Lines below that include "eine" are the answer; copy each one.
_ _ _ _ _ _ _
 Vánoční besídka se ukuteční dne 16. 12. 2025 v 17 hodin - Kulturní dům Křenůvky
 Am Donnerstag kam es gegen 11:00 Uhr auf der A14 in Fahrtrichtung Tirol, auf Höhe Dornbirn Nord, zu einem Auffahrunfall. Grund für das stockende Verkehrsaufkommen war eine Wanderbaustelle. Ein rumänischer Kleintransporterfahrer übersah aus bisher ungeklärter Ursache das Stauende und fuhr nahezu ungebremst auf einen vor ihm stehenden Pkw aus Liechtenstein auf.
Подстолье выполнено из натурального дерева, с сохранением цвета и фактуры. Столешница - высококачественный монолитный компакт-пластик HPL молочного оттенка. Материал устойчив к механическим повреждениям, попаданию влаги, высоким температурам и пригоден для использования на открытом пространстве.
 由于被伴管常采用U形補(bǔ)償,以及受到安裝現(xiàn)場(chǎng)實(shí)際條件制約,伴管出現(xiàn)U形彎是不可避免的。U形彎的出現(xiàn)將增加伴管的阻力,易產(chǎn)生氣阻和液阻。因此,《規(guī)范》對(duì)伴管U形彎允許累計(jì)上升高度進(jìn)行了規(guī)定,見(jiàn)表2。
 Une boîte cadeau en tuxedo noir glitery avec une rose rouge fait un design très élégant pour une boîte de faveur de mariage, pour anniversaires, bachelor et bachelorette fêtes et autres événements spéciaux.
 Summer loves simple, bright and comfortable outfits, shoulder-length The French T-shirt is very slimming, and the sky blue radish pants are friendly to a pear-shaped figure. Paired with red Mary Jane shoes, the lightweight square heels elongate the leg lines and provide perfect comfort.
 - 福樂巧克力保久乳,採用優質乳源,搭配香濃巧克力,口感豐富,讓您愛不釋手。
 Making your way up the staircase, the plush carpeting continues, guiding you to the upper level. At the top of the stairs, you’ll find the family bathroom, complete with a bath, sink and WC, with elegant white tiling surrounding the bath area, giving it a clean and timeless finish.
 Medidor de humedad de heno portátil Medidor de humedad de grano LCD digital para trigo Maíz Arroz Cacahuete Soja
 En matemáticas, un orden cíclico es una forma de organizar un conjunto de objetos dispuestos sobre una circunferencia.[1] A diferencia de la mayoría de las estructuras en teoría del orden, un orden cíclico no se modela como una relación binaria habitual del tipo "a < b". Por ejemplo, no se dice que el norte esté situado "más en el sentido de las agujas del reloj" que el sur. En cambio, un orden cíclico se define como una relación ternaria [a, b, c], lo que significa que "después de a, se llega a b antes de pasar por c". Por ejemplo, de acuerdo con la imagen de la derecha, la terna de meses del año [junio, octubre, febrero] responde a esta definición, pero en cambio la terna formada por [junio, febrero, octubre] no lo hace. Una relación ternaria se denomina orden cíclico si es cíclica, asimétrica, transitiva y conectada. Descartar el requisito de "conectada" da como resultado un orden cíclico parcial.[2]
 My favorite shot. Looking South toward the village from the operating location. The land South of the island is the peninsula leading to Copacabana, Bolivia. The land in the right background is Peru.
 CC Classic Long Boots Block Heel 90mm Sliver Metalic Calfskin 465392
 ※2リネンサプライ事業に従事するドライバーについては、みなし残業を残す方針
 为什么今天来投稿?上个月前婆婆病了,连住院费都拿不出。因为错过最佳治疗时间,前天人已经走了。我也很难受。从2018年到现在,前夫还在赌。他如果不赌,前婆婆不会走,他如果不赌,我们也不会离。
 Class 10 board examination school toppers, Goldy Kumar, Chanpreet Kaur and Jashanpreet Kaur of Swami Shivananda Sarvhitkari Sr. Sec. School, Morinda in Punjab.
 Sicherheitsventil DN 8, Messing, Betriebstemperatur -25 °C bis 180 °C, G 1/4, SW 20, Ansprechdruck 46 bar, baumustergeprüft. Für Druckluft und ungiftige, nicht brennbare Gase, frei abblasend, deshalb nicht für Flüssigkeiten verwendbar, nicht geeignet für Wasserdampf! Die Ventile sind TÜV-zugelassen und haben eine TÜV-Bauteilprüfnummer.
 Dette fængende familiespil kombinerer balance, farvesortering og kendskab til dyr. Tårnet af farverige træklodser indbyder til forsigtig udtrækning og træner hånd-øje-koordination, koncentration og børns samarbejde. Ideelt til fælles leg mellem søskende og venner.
_ _ _ _ _ _ _
RESULT OF THIS TASK:
 Am Donnerstag kam es gegen 11:00 Uhr auf der A14 in Fahrtrichtung Tirol, auf Höhe Dornbirn Nord, zu einem Auffahrunfall. Grund für das stockende Verkehrsaufkommen war eine Wanderbaustelle. Ein rumänischer Kleintransporterfahrer übersah aus bisher ungeklärter Ursache das Stauende und fuhr nahezu ungebremst auf einen vor ihm stehenden Pkw aus Liechtenstein auf.
 Sicherheitsventil DN 8, Messing, Betriebstemperatur -25 °C bis 180 °C, G 1/4, SW 20, Ansprechdruck 46 bar, baumustergeprüft. Für Druckluft und ungiftige, nicht brennbare Gase, frei abblasend, deshalb nicht für Flüssigkeiten verwendbar, nicht geeignet für Wasserdampf! Die Ventile sind TÜV-zugelassen und haben eine TÜV-Bauteilprüfnummer.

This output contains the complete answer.